1604 Middleton Father Hubburd's T. Wks. (Bullen) VIII. 78 None of these common Molls neither, but discontented and unfortunate gentlewomen. 1753 J. Poulter Discoveries (ed. 2) 34 To nap the Slangs from the Cull or Moll; that is,..to take the Things from the Man or Woman. 1785 Grose Dict. Vulg. T., Moll, a whore. 1819 T. Thompson in Collect. Songs Newcastle Dial. 10 When the Malls began their reels. 1823 ‘J. Bee’ Dict. Turf, Molls are the female companions of low thieves, at bed, board, and business. 1840 H. D. Miles Dick Turpin xxi. 250 You might ha' knowed his moll, a spicy, swellish sort of a bit o'muslin. 1872 G. P. Burnham Mem. U.S. Secret Service 190 Doctor Blake and his ‘moll’ visited the town of Toms River. 1877 Five Yrs. Penal Serv. iii. 242 Once, when he was speaking of ‘his old woman’ for the time being, I asked if she was a ‘crooked’ one too. ‘Oh, yes’, he replied; ‘I never had nothin' to do with any {oqq}moll{cqq} who couldn't cut her own grass.’ 1891 J. Baron Blegburn Dickshonary 44 ‘Aw'm gooin' to meet mi Moll to-neet’ is a varra common sayin' wi' factory lads: some o' th' better soort say ‘woman’ i' th' place o' Moll, but nooan so mony. 1923 [see dame 2 c]. 1931 Amer. Speech VII. 111 Moll. 1. A gangster's sweetheart or mistress. 2. Any girl whether associated with the underworld or not. 1934 Dylan Thomas 18 Poems 22 In this our age the gunman and his moll, Two one-dimensioned ghosts, love on a reel. 1946 K. Tennant Lost Haven (1968) i. 20 He went off with that bloody moll whose name I wouldn't speak. 1955 Publ. Amer. Dial. Soc. xxiv. 99 A woman pickpocket is..a moll. 1962 N. Marsh Hand in Glove iii. 90, I can see you're in a fever lest slick Ben and his moll should get back..before you make your getaway. 1975 C. Fremlin Long Shadow xxvi. 190 The Psychopath's Moll. I'm doing it again, thought Imogen..saving him from the consequences of his follies.

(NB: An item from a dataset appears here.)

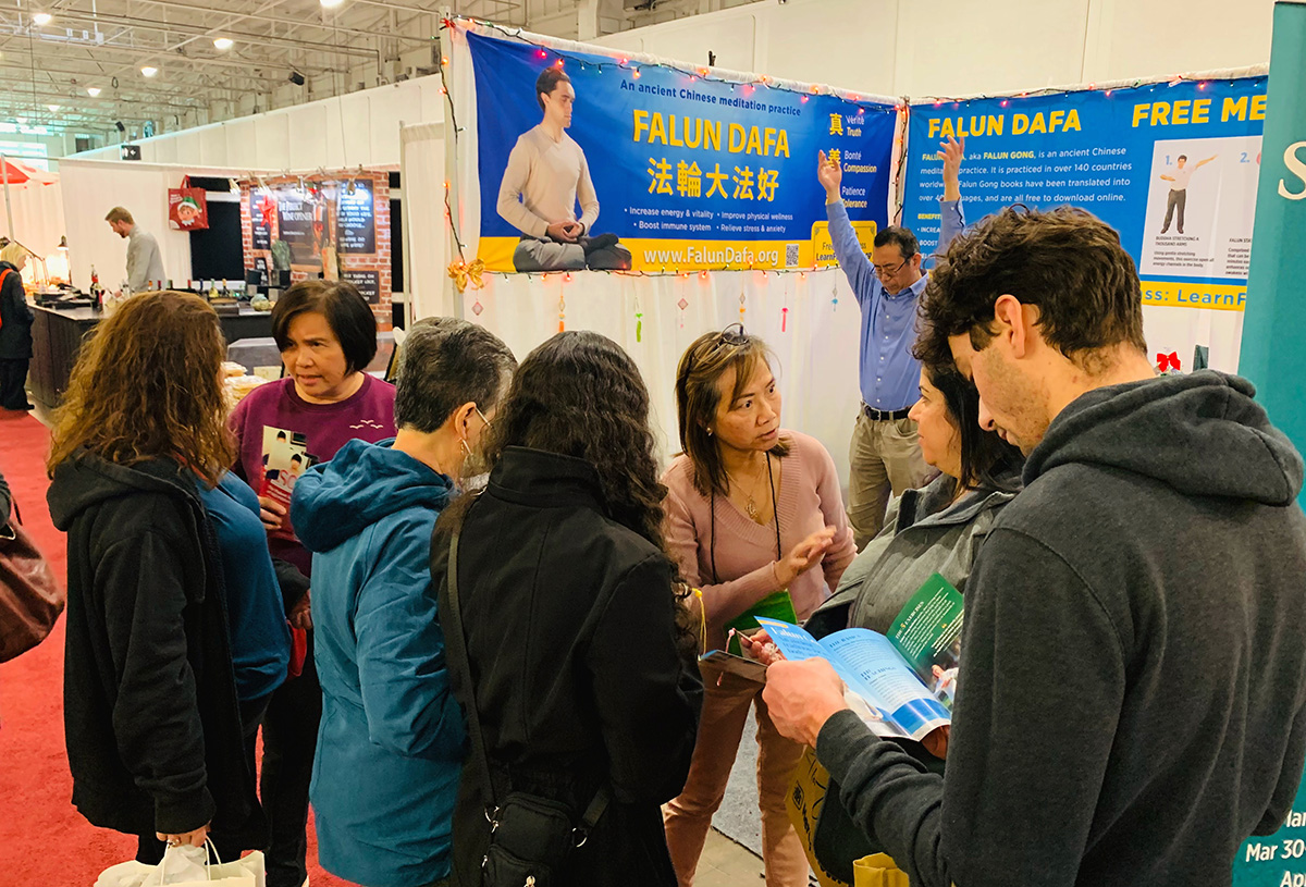 法轮功学员在活动上设立了展位,向来往的游客介绍功法的要领,并义务教给他们炼功的动作。看到学员递来的介绍传单,不少游客表示通过市区的真相点,或在其它活动的大法展位已经了解过大法。人们展现出对功法的兴趣,现场学炼了功法。其中有西人表示已经通过网络搜索,找到法轮大法,在家自学过。

    b. attrib. and Comb., as moll-shop slang, a brothel; moll-tooler slang, a female pickpocket.

1923 J. Manchon Le Slang 196 Moll-shop. 1957 M. K. Joseph I'll soldier no More (1958) 181 Pretty faces..peered shyly into the street. ‘Looks like a moll-shop,’ said Connolly.

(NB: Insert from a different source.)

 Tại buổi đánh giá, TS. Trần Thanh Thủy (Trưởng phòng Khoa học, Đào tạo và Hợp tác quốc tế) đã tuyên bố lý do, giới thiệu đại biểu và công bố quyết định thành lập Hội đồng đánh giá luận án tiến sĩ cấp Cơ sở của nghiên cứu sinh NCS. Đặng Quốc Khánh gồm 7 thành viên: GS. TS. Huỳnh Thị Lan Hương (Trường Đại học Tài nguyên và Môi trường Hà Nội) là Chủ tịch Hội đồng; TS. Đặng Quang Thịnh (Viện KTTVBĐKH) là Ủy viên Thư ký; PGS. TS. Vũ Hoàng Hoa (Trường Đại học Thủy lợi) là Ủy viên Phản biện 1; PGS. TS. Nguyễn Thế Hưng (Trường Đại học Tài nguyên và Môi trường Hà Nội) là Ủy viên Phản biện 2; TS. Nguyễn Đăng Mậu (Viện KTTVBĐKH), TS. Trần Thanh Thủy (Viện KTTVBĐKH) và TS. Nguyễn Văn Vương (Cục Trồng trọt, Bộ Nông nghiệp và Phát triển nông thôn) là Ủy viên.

1859 Hotten Dict. Slang 63 Moll tooler, a female pickpocket.

     3. ? A ramrod (sense uncertain; perh. a distinct word). Obs.

1596 Acc. Winsford in Proc. Somerset Archæol. Soc. 1900, 194 One muskett with his flaxe, twich boxe, moll, and rest.

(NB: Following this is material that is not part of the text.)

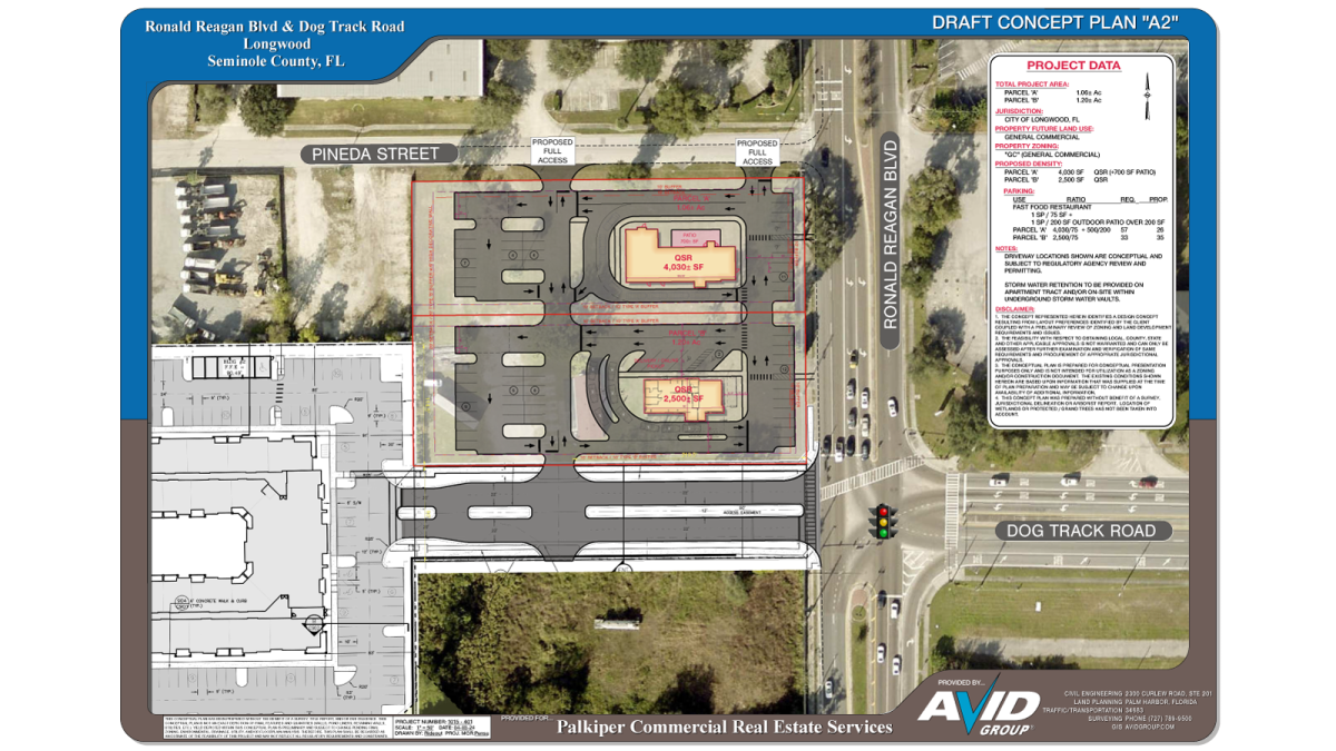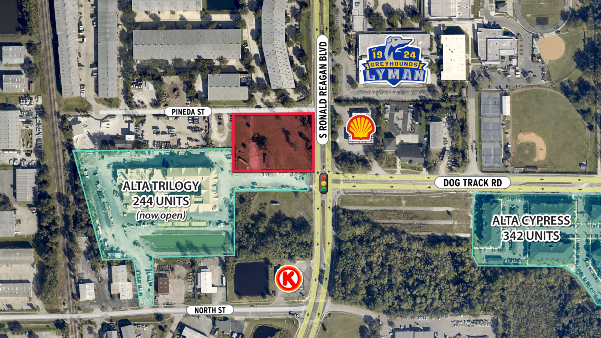 Conveniently located on South Ronald Reagan Boulevard (CR 427), just west of US 17-92, with an average traffic count of 26,000 cars per day. Adjacent to the new Alta Trilogy, a 244-unit luxury apartment complex. Across the street from Lyman High School and Alta Cypress Apartments (342 units) on Dog Track Road. Surrounded by a mix of industrial and commercial sites, with 1,100 new apartments less than 1 mile away. Less than 3 miles from I-4, and less than a 5-minute drive to/from SR 434 and SR 436.

    Hence moll v. (see quot. 1851); molled ppl. a., associating with or accompanied by a woman.

1851 Mayhew Lond. Labour I. 310/2 ‘There is a great many furnished cribs, let to needys (nightly lodgers) that are molled up’ (that is to say, associated with women in the sleeping-rooms). 1882 Sydney Slang Dict. 6/1, I see yer the other night when yer was Molled up and too proud to speak. 1935 Flynn's 19 Jan. 87/2 With each man molled, and his moll posing as his wife, they would not attract the suspicion which would be directed against a mob of men living together.

II. moll, a. Obs. rare.
    Forms: 5 mole, 6–7 molle, 7 moll.
    [a. OF. mol (mod.F. mou, mol, fem. molle):—L. moll-em soft.]
    1. Soft.

1474 Caxton Chesse iii. v. G viij, Hit happeth ofte tymes that the nature of them that ben softe and mole taketh soner Impressyon than the nature of men that be rude & stronge.

    2. Mus. In B moll, ♭ moll = flat. (Also bemol.)

1597 Morley Introd. Mus. 5 Phi. What is ♭ molle? Ma. It is a propertie of singing, wherein fa must alwaies be song in ♭ fami, and is when the vt is in F fa vt. a 1600 Montgomerie Misc. Poems iii. 14 Sing sho tua notis, the one is out of tone, As B acre lau and B moll far abone. 1667 C. Simpson Compend. Pract. Mus. 113 B Molle was when they sung fa in B.

III. moll
    obs. f. mole n.1 and n.2, mould, mull.